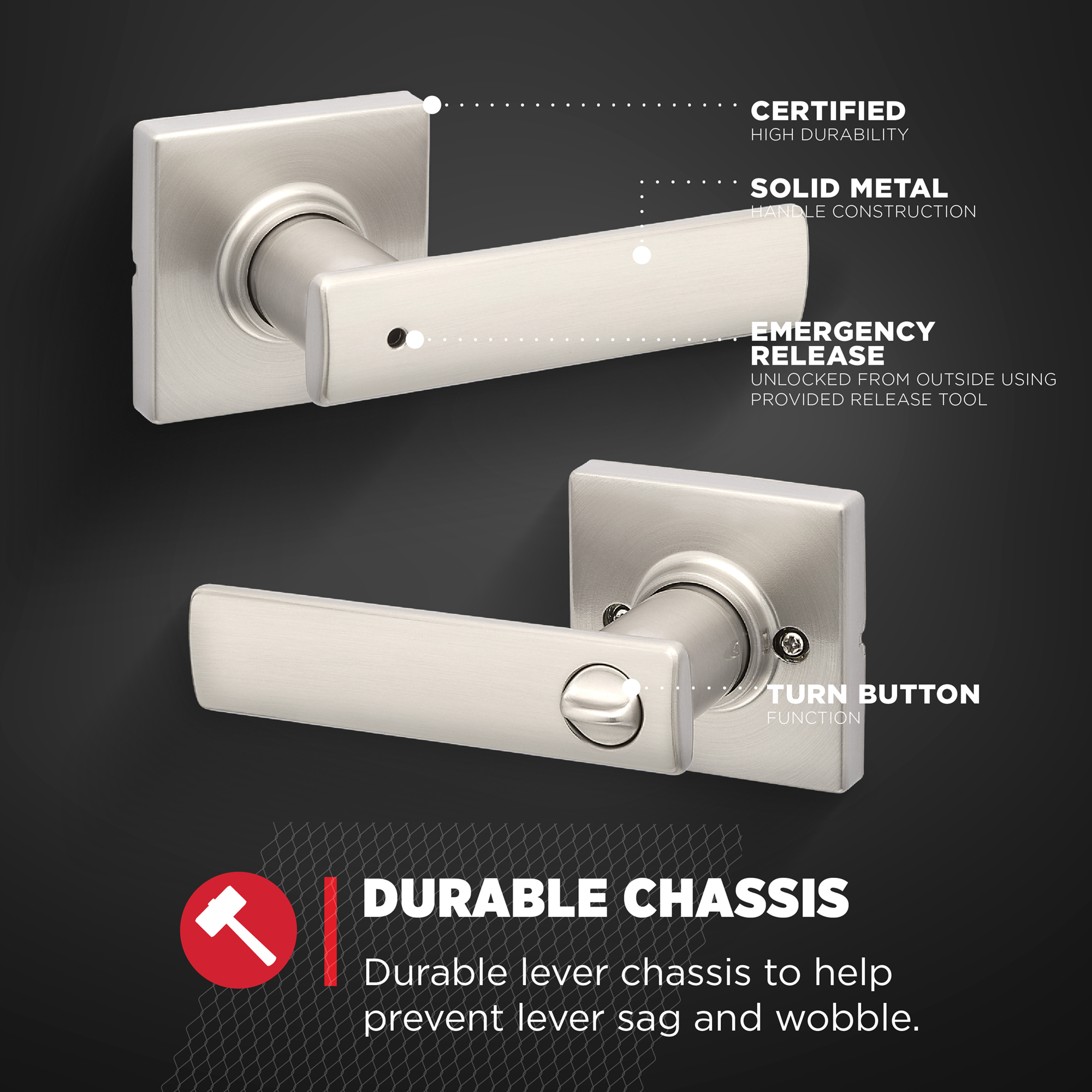 - Locking Privacy: Use on doors requiring privacy, can be locked inside with a turn button and unlocked outside with provided release tool. Recommended for bedrooms and bathrooms
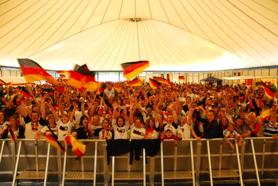 Wer das Außenzelt des Grefrather EisSport & EventParks nur unter Eis kennt, der wird am Sonntag große Augen machen. Die überdachte Eisfläche hat sich in eine einzigartige Public Viewing-Arena verwandelt. An der Kopfseite des Zeltes steht eine Traversen-Konstruktion mit einer 7 x 4 Meter großen Leinwand auf der alle Spiele der deutschen Nationalmannschaft übertragen werden. Zusammen mit einem Hochleistungsdatenprojektor und dem VRX 900 Tonsystem JBL hat die Firma Light and Sound 2000 die technischen Voraussetzung für das Rudelgucken-Deluxe geschaffen. Die Moderation zu allen Deutschland-Spielen im Grefrather EisSport & EventPark übernimmt in bewährter Form Rolf Frangen.
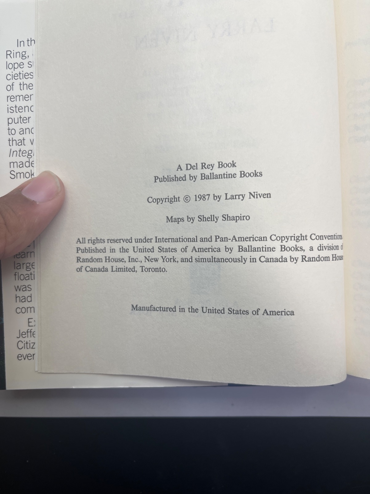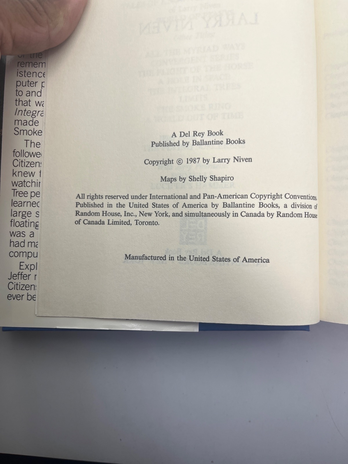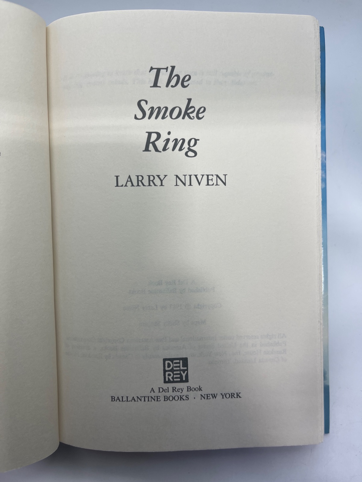 Explore Larry Niven’s visionary science fiction with “The Integral Trees” and “The Smoke Ring,” published by Ballantine Books. These novels transport you to a gravity-free world of floating trees and human adaptation. “The Smoke Ring” was released in 1987. Both books are in good condition, with minor edge wear on the dust jackets, and are free of inscriptions or library marks. Perfect for collectors and sci-fi fans alike.
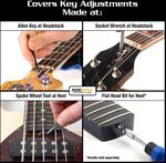 Bonusfunksjoner inkluderer: laseretsede størrelser på hver skiftenøkkel, 3 magnetiserte skrutrekkere for små truss-rod-dekselskruer og pipenøkkelen og verktøyet Spoke Wheel skyves inn i Music Nomads Octopus-håndtak (selges separat) for ekstra kraft og komfort.
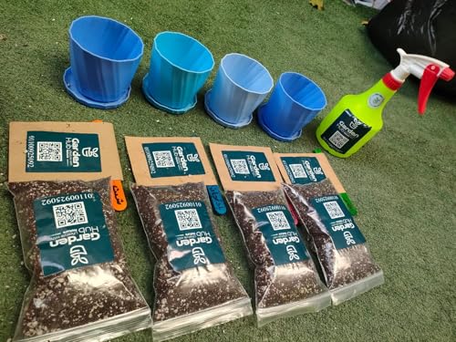 • مجموعة زراعة البذور ، 4 أصص ، تربة زراعية مخصبة ، رشاش صغير
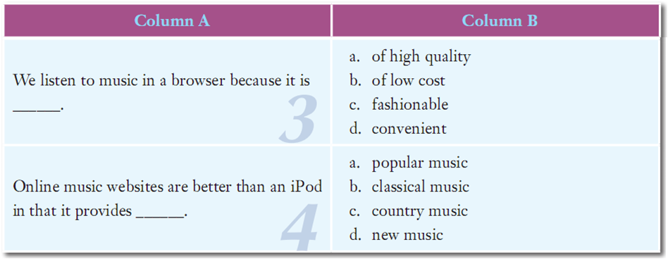 Now, as our lives move online, our listening 6________ are following. The growth of online music websites such as iMeem, Pandora, and Last.fm is just the 7 _______. We listen to music in a 8__________ because it’s convenient — it’s where we also do everything else. And we listen online because the Web 9 ____________ something the iPod can’t: 10______ music.
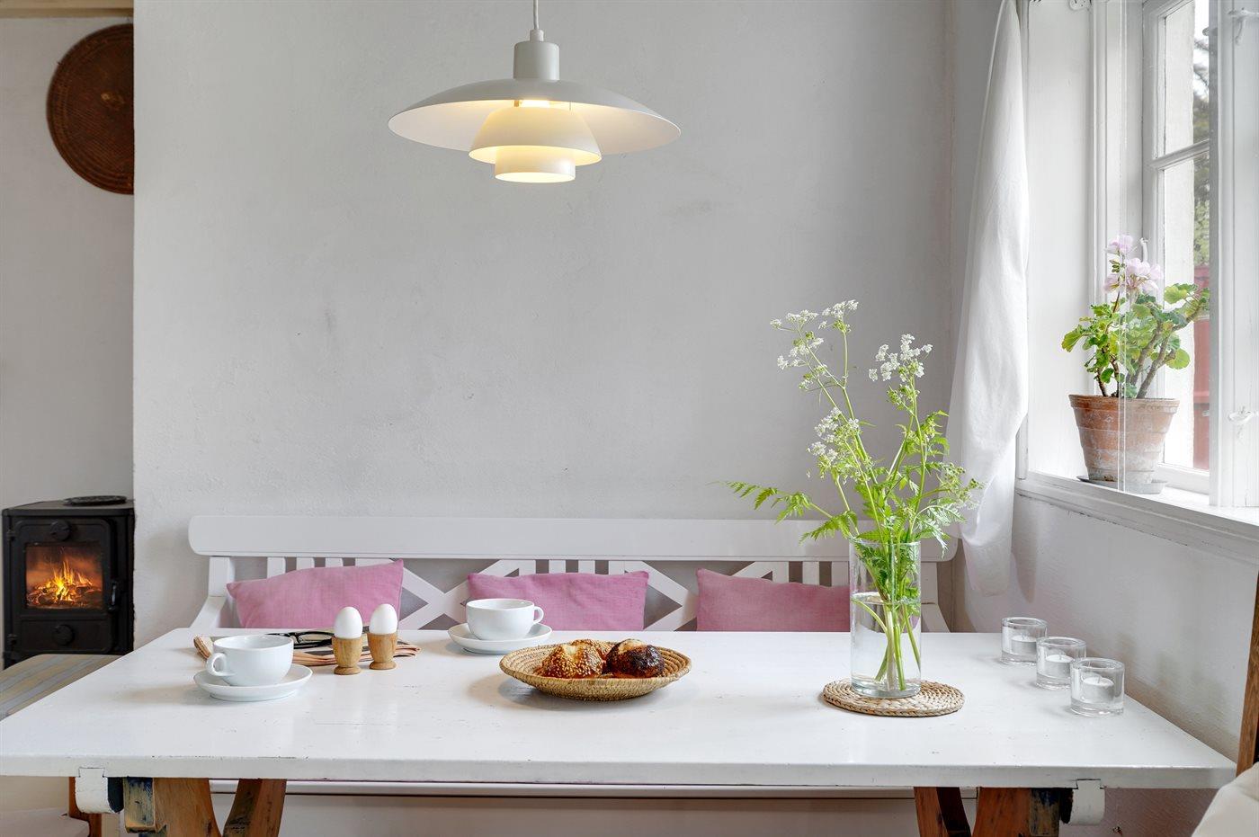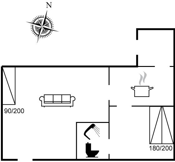 Køkkenet er udstyret med 1 køleskab. Der er 2 gasblus, miniovn.

+++++

§ **Exercise**: Return nothing except the lines from the one containing "مخصبة ، رشاش صغير" through the final line of the data, copied exactly. Leave out all pictures.

§ **Reply to the task**:
 • مجموعة زراعة البذور ، 4 أصص ، تربة زراعية مخصبة ، رشاش صغير
 Now, as our lives move online, our listening 6________ are following. The growth of online music websites such as iMeem, Pandora, and Last.fm is just the 7 _______. We listen to music in a 8__________ because it’s convenient — it’s where we also do everything else. And we listen online because the Web 9 ____________ something the iPod can’t: 10______ music.
 Køkkenet er udstyret med 1 køleskab. Der er 2 gasblus, miniovn.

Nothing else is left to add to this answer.